The Maytag Centennial dryer series has over a dozen models, including electric and gas ones. Although different models have different features (e.g., a control panel), the heating components are pretty similar. So, if your Maytag Centennial dryer isn’t heating, it’s likely due to general issues you can fix.
Here’s how you can fix a Maytag Centennial dryer not heating:
- Test the thermal cutoff.
- Get a new inlet thermistor.
- Replace the thermal fuse.
- Fix the exhaust thermistor.
- Check the heating element.
- Repair or replace the timer.
- Inspect the burner igniter.
- Change the flame sensor.
- Test the gas valve coils.
- Replace the control board.
- Fix electrical or gas issues.
- Clean the dryer and vent.
Some of these parts are easier to access and inspect than others. So, you should start your troubleshooting process by testing the more accessible components that are likely the problem. Read on to determine the causes of your Maytag Centennial dryer not heating (whether it’s a gas or electric model) and how to fix it.
Test the Thermal Cutoff
All Maytag Centennial dryers have a thermal cutoff feature. However, the location of this sensor may differ depending on the model. The method of accessing it may also vary.
If you have a Maytag Centennial electric dryer, you can access this thermal cutoff by taking off the top cover. Alternatively, you can find it after removing the rear panel.
If you have a Maytag Centennial gas dryer, removing the rear panel to access the thermal cutoff is the simplest way to do so. Otherwise, you have to take apart the bulkhead (including the drum) to get to this sensor.
Also, the gas models have the thermal cutoff below the burner assembly’s high limit thermostat. In electric dryers, the high limit thermostat is close to the wires for the heating element, which is below the thermal cutoff.
In both gas and electric models, a blown thermal cutoff will prevent a Maytag Centennial dryer from heating. Therefore, you have to test the thermal cutoff and replace it if you don’t find continuity.
How To Fix
Here’s how you can access the thermal cutoff in Maytag Centennial gas dryers:
- Unplug the dryer and pull it away from the wall.
- Unscrew the rear access panel and remove it.
- Check the burner assembly to the right (rearview). The thermal cutoff should be below the high limit thermistor.
- Remove the wires and unscrew the thermal cutoff.
Here’s how you can access the thermal cutoff in Maytag Centennial electric dryers:
- Unplug the dryer and get a putty knife or paint scraper.

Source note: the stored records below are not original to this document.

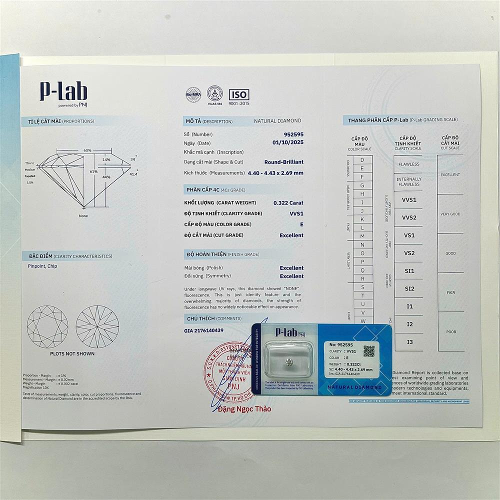 Viên kim cương 4.4LY E/VVS1 sở hữu sắc trắng tinh khiết và độ tinh khiết gần như hoàn hảo, thể hiện vẻ đẹp sang trọng và tinh tế. Phù hợp để chế tác các mẫu nhẫn đơn, dây chuyền hoặc hoa tai thanh lịch. Thiết kế tối giản giúp tôn vinh ánh sáng và vẻ đẹp nổi bật của viên chủ một cách tinh tế và trang nhã.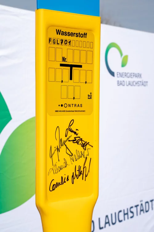 Markierungspfosten für Wasserstoff mit Unterschriften der Festredner. © Foto: Tom Schulze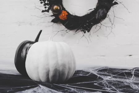 Black and white pumpkins on dark background. Halloween banner for party ad or shopping sales. 3D illustration. Copy space.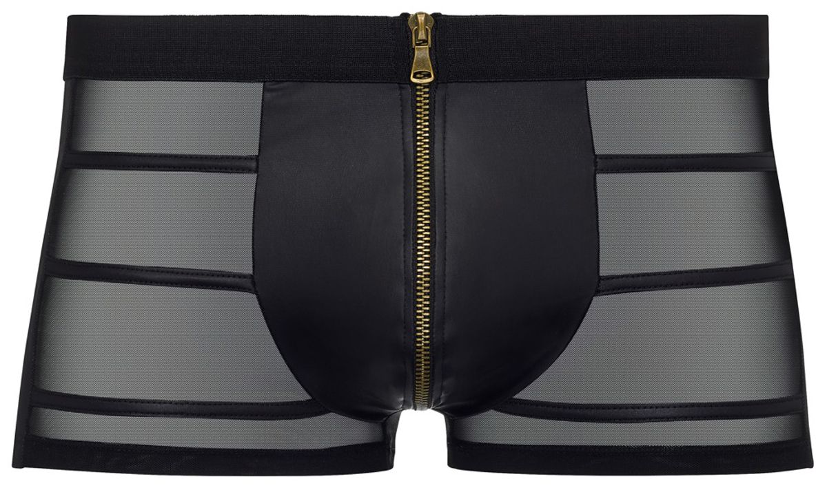 In deze sexy boxer weet je zeker dat je billen volledig tot hun recht komen. De zwarte boxer is gemaakt van doorschijnend materiaal en heeft een wetlook voorkant. Deze is voorzien van een rits met daarachter bescherming zodat het niet tegen het lichaam schuurt. Draag het met sexy kleding of gewoon zo en voel je klaar voor elk avontuur!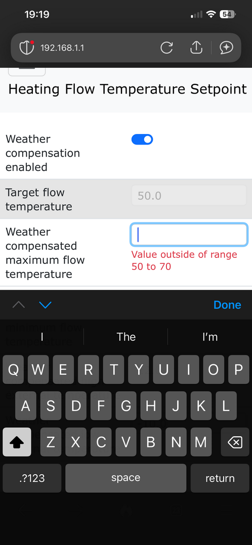 I think what you are saying is that it is likely that as the temp heads up towards 12c, it is likely to cause problems and I'd be better with that set at 36c and adjusting the Cold Weather value? Certainly with the settings at 50c and 33c the house massively overheats and the only limit I have is by setting the thermostat but that causes comfort issues and also seems unnecessarily inefficient to heat the water just to let it drop off as the Cosy turns off. Hopefully I can get them to drop the minimum Cold Weather flow temp min value below 50c.

- Pull out the lint filter and remove the two screws on the trap. The top cover has a clip for each of the front corners.
- Slide the knife or scraper under the front cover’s corners.
- Nudge the knife or scraper to release the cover.
- Flip the cover backward gently to protect the wirings.
- Reach to the back of the drum to find the thermal cutoff. The thermal cutoff is the topmost sensor on the heater.
- Remove the wires from the terminals and unscrew the sensor. You can test its continuity after only removing the wires. You may also access this part by removing the rear panel.
Here’s how you can test the thermal cutoff in gas and electric dryers:
- Set a multimeter to continuity mode or least resistance. Alternatively, you may use a simpler continuity tester.
- Place the probes on the thermal cutoff terminals. If you find continuity, something else is bad in the dryer. If there’s no continuity, replace the thermal cutoff.
Check the part number of the thermal cutoff to get a similar replacement. Although this problem is extremely common, the solution is budget-friendly and straightforward.
However, a thermal cutoff blowing usually indicates overheating. I’ll discuss the overheating issue in more detail below.
Get a New Inlet Thermistor
Maytag Centennial dryers have an inlet thermistor, which is essentially a high-limit thermostat. This is on the heating element or burner assembly in electric or gas dryers, respectively. A broken inlet thermistor or high limit thermostat is a common reason for a Maytag Centennial dryer not heating.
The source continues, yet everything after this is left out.